I would like every record reproduced exactly, with the pictures left out.

Segment Open

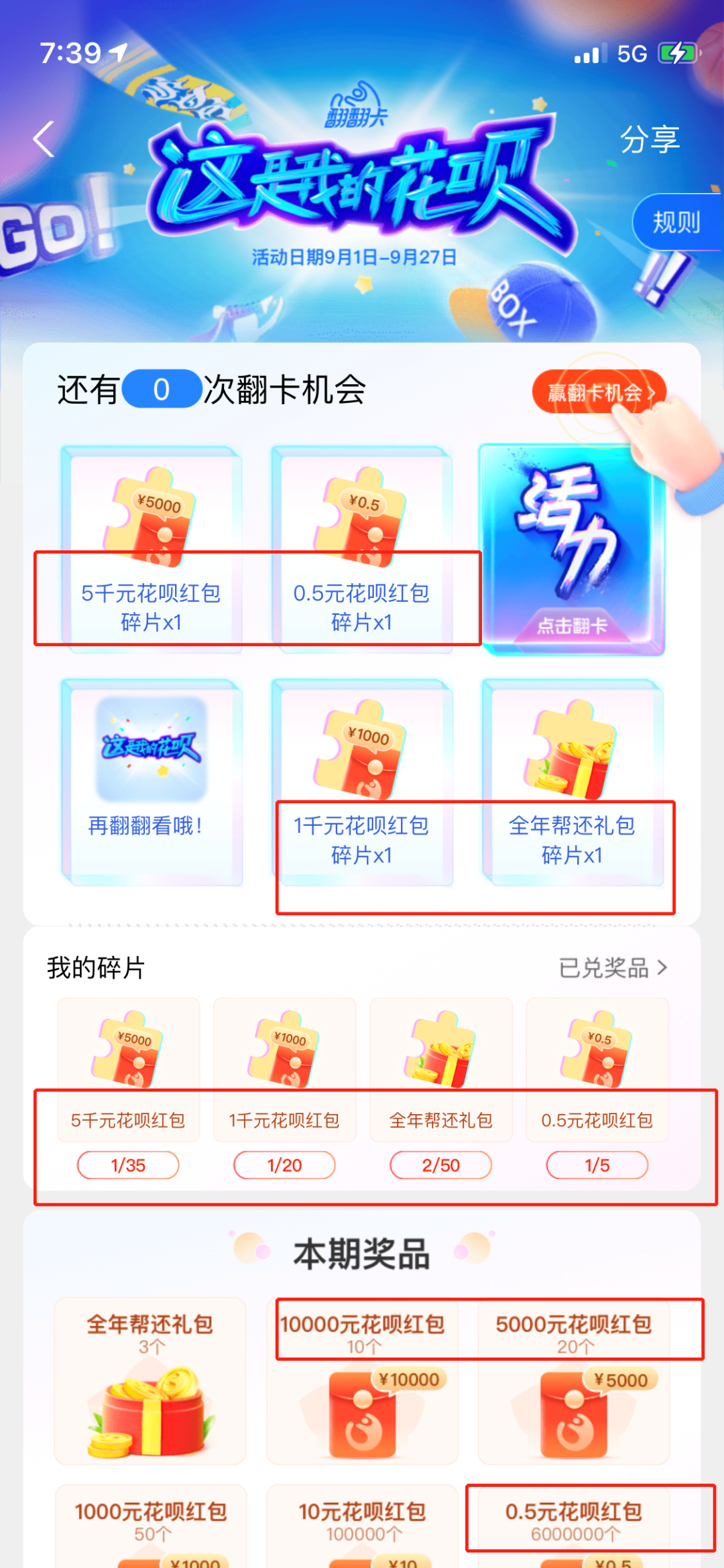奖品有花呗红包、花呗金、立减红包、公交券、火车票优惠券、饿了么红包、天猫超市满减券、考拉优惠券、飞猪红包,如果用户完全没有了解花呗红包与花呗金的介绍下,这样设置奖品造成疑惑,而且在翻翻卡活动中没有说明花呗红包用途,降低用户体验感。
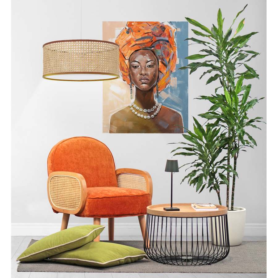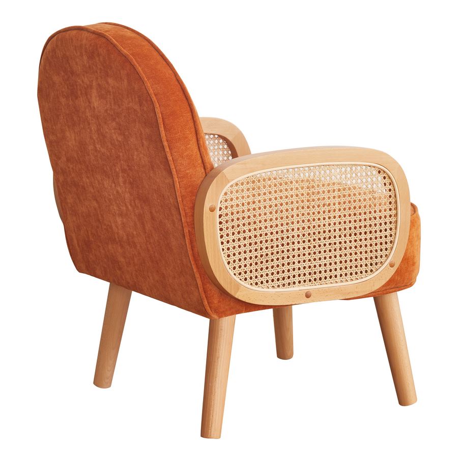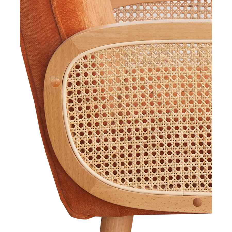 Poltrona design colorata Doris: L'intramontabile stile vintage è stato contaminato dal design moderno e nordico, rendendo questa poltroncina da salotto unica nel suo genere. Doris presenta una resistente struttura in legno di faggio e un rivestimento in tessuto color arancio impreziosito da braccioli in legno di rattan e paglia di vienna.
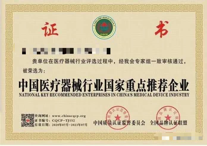 某医疗器械行业公司获得“中国质量认证监督委员会”认证“中国医疗器械行业国家重点推荐企业”。网络资料
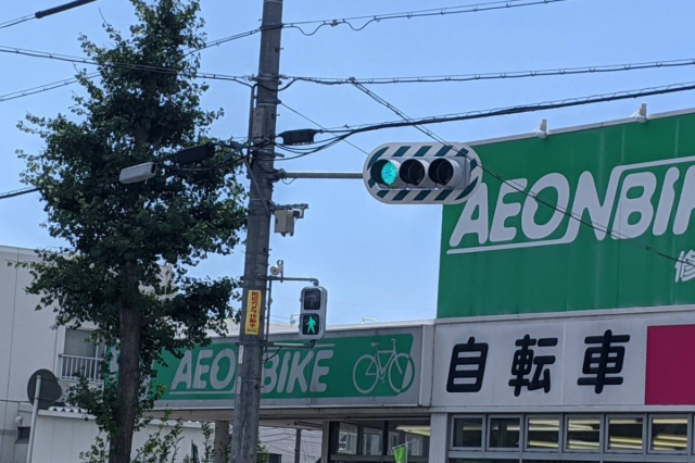 通称「ゼブラ板」とも呼ばれるシマシマの板がついた車両用信号機です。昔はよく設置されてたようなんですが今では稀なので見かけると嬉しいです。 主に信号機を見やすくするためのものなんですが、ここで残ってる理由はなんでしょうね。奥のお店の看板が一面の緑色なので、それに紛れないようにとか? 仮に、信号機の奥の壁がもろに赤、青、黄の水玉模様とかだったら迷惑でしょうね。バスケのフリースローを邪魔するためにゴール裏で手をひらひらするファンみたいな。
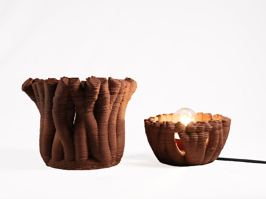 This lamp explores new opportunities for craftsmanship using digital printing technology. The outcome is a candle-warmer lamp that leverages the low thermal conductivity of clay bricks to reduce the melting time of the candle and minimize energy consumption. A candle warmer lamp needs 10 kg waste clay bricks to make. If every person in the United States owns one, it could reduce landfill waste by 34%.
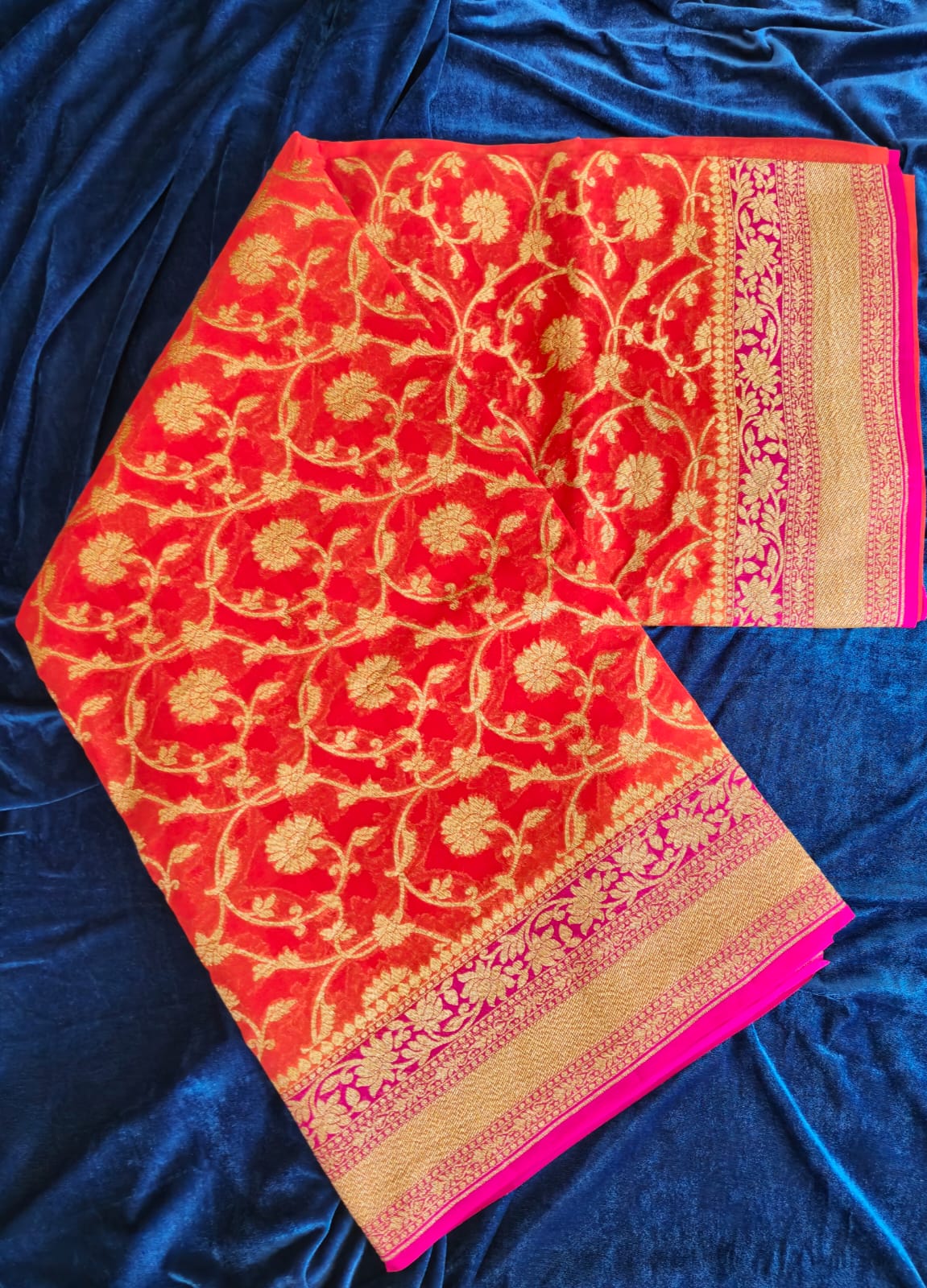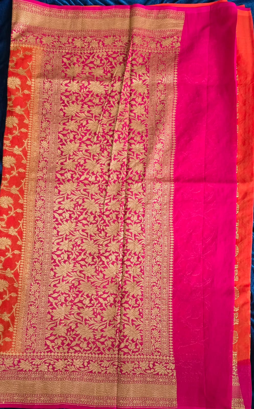 Colour: Vibrant Orange with Pink Contrast Border with Gold Zari
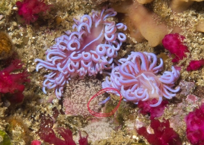 I attach a picture of said Phyllodesmium horridum on the fan Acabaria rubra -- I think feeding but am not sure.
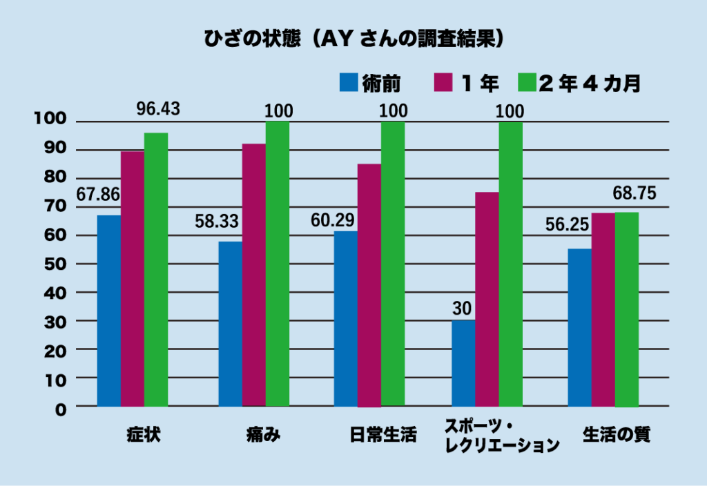 AY:もう2年半経ちますね。現在はひざの痛みもなく日常生活で不自由を感じることはなくなりました。仕事も問題なくできています。
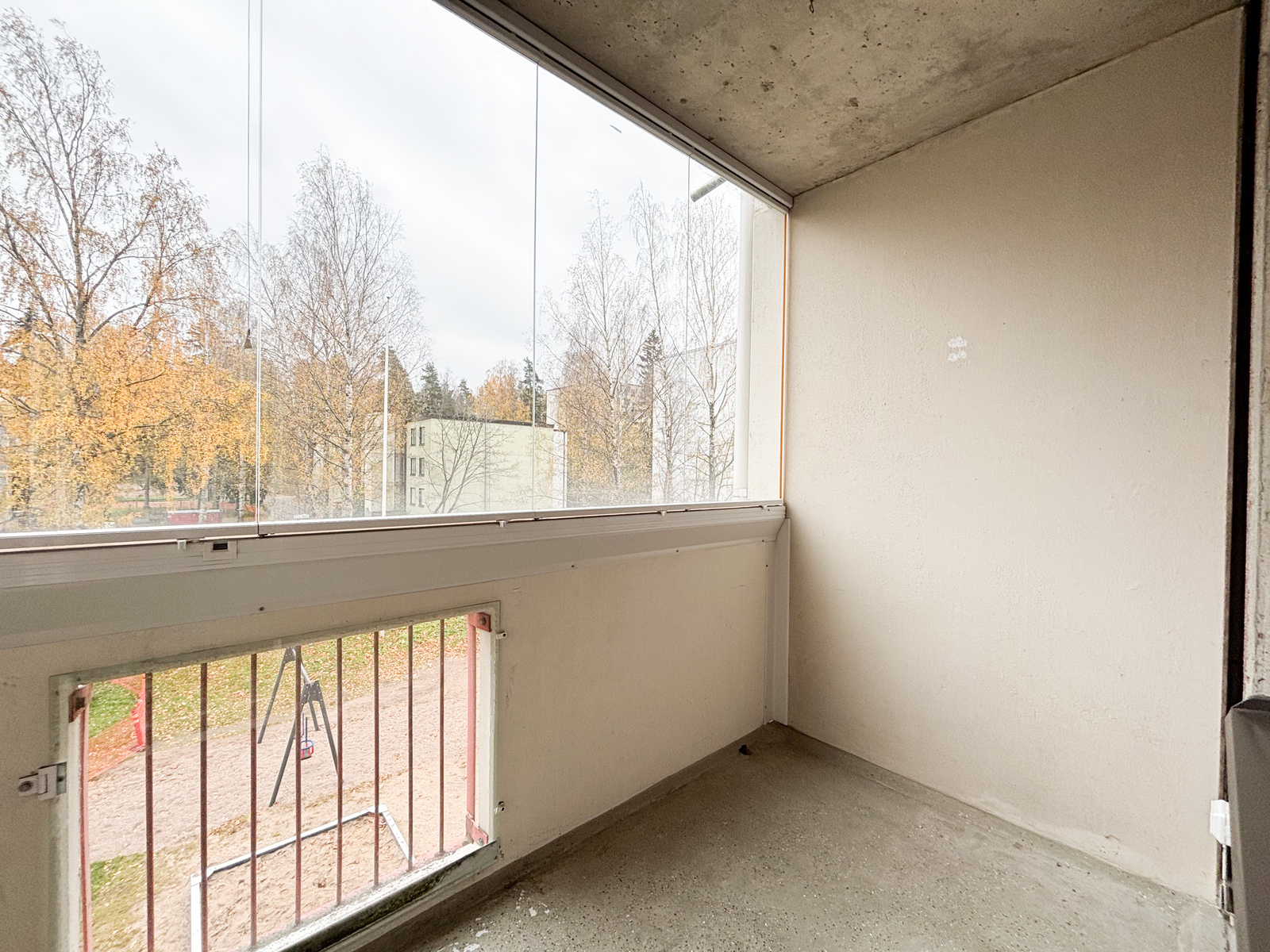 Asunnossa on tehokkaasti suunniteltu pohjaratkaisu, joka tekee neliöistä toimivat ja helposti kalustettavat. Erillinen keittiö tarjoaa hyvin tilaa ruuanlaittoon. Sängylle on paikka alkovissa ja huoneeseen sijoitat esimerkiksi sohvan ja tv-tason. Eteisen kaapistoissa on hyvin säilytystilaa.  Lasitettu parveke tarjoaa mukavan lisätilan arkeen – siellä voi nauttia aamukahvit tai viettää rentouttavia iltoja pitkälle syksyyn. Kylpyhuone on juuri uusittu ja siellä on liitäntä pesukoneelle.
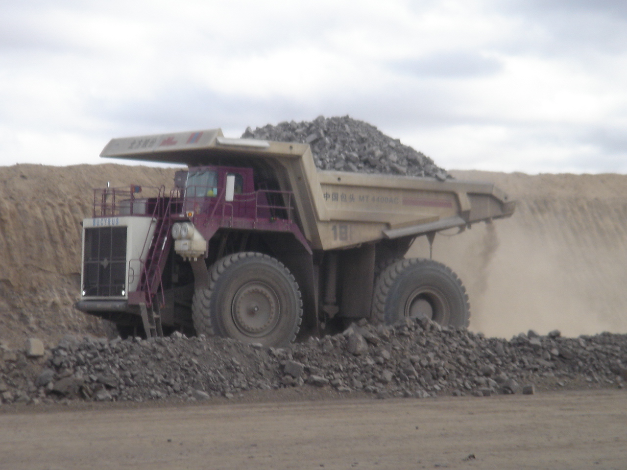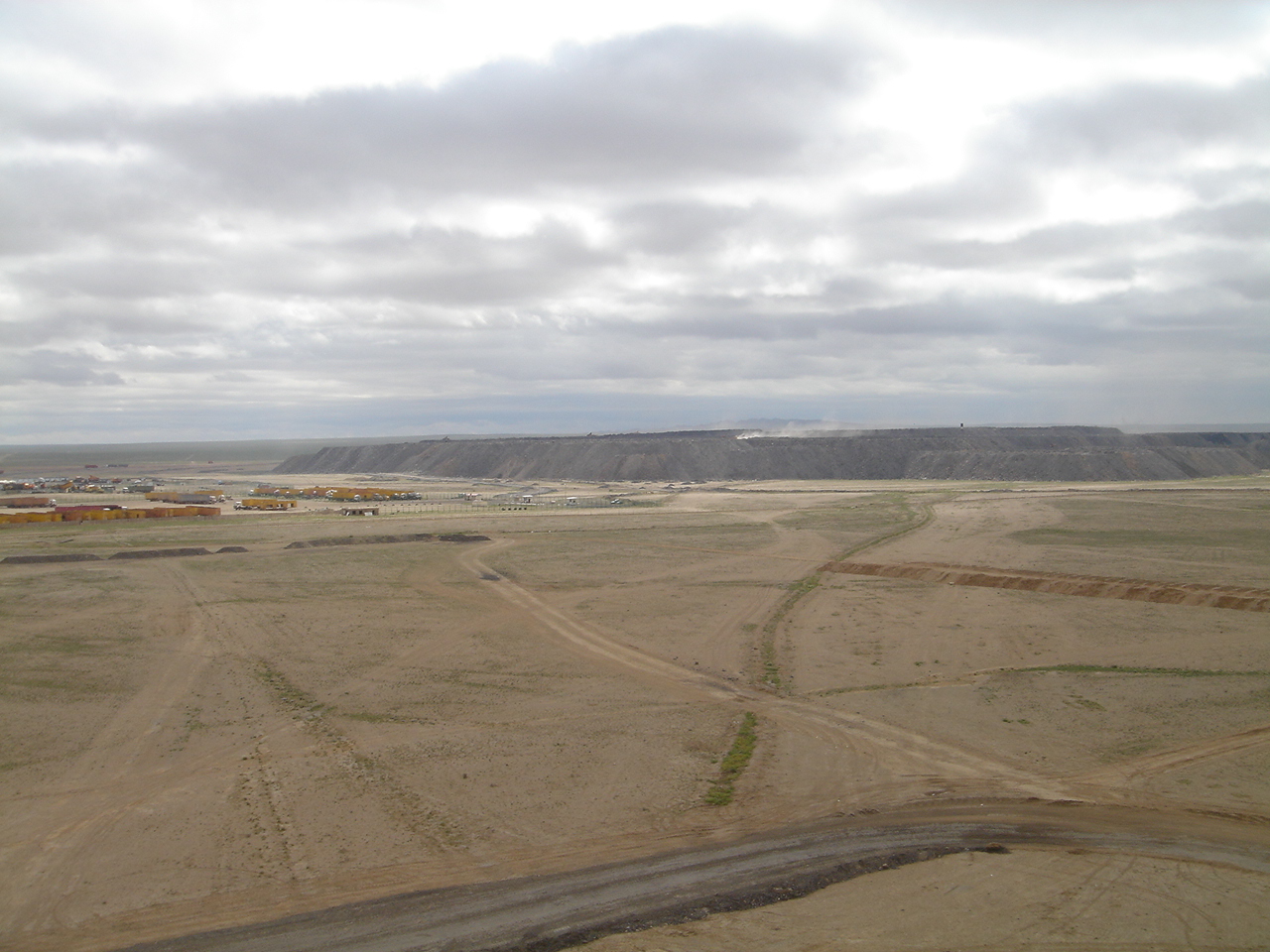 飛行時間は1時間20分ほどで、ウランバートルから南南西に800キロ離れた炭鉱近くの飛行場へ着陸しました。バスに乗り換え、炭鉱へ向かいます。午前中は、エルデネット社の開発する区域を訪問。ここは建物の中での説明が主でした。

Segment Closed

■ Task solution:
奖品有花呗红包、花呗金、立减红包、公交券、火车票优惠券、饿了么红包、天猫超市满减券、考拉优惠券、飞猪红包,如果用户完全没有了解花呗红包与花呗金的介绍下,这样设置奖品造成疑惑,而且在翻翻卡活动中没有说明花呗红包用途,降低用户体验感。
 Poltrona design colorata Doris: L'intramontabile stile vintage è stato contaminato dal design moderno e nordico, rendendo questa poltroncina da salotto unica nel suo genere. Doris presenta una resistente struttura in legno di faggio e un rivestimento in tessuto color arancio impreziosito da braccioli in legno di rattan e paglia di vienna.
 某医疗器械行业公司获得“中国质量认证监督委员会”认证“中国医疗器械行业国家重点推荐企业”。网络资料
 通称「ゼブラ板」とも呼ばれるシマシマの板がついた車両用信号機です。昔はよく設置されてたようなんですが今では稀なので見かけると嬉しいです。 主に信号機を見やすくするためのものなんですが、ここで残ってる理由はなんでしょうね。奥のお店の看板が一面の緑色なので、それに紛れないようにとか? 仮に、信号機の奥の壁がもろに赤、青、黄の水玉模様とかだったら迷惑でしょうね。バスケのフリースローを邪魔するためにゴール裏で手をひらひらするファンみたいな。
 This lamp explores new opportunities for craftsmanship using digital printing technology. The outcome is a candle-warmer lamp that leverages the low thermal conductivity of clay bricks to reduce the melting time of the candle and minimize energy consumption. A candle warmer lamp needs 10 kg waste clay bricks to make. If every person in the United States owns one, it could reduce landfill waste by 34%.
 Colour: Vibrant Orange with Pink Contrast Border with Gold Zari
 I attach a picture of said Phyllodesmium horridum on the fan Acabaria rubra -- I think feeding but am not sure.
 AY:もう2年半経ちますね。現在はひざの痛みもなく日常生活で不自由を感じることはなくなりました。仕事も問題なくできています。
 Asunnossa on tehokkaasti suunniteltu pohjaratkaisu, joka tekee neliöistä toimivat ja helposti kalustettavat. Erillinen keittiö tarjoaa hyvin tilaa ruuanlaittoon. Sängylle on paikka alkovissa ja huoneeseen sijoitat esimerkiksi sohvan ja tv-tason. Eteisen kaapistoissa on hyvin säilytystilaa.  Lasitettu parveke tarjoaa mukavan lisätilan arkeen – siellä voi nauttia aamukahvit tai viettää rentouttavia iltoja pitkälle syksyyn. Kylpyhuone on juuri uusittu ja siellä on liitäntä pesukoneelle.
 飛行時間は1時間20分ほどで、ウランバートルから南南西に800キロ離れた炭鉱近くの飛行場へ着陸しました。バスに乗り換え、炭鉱へ向かいます。午前中は、エルデネット社の開発する区域を訪問。ここは建物の中での説明が主でした。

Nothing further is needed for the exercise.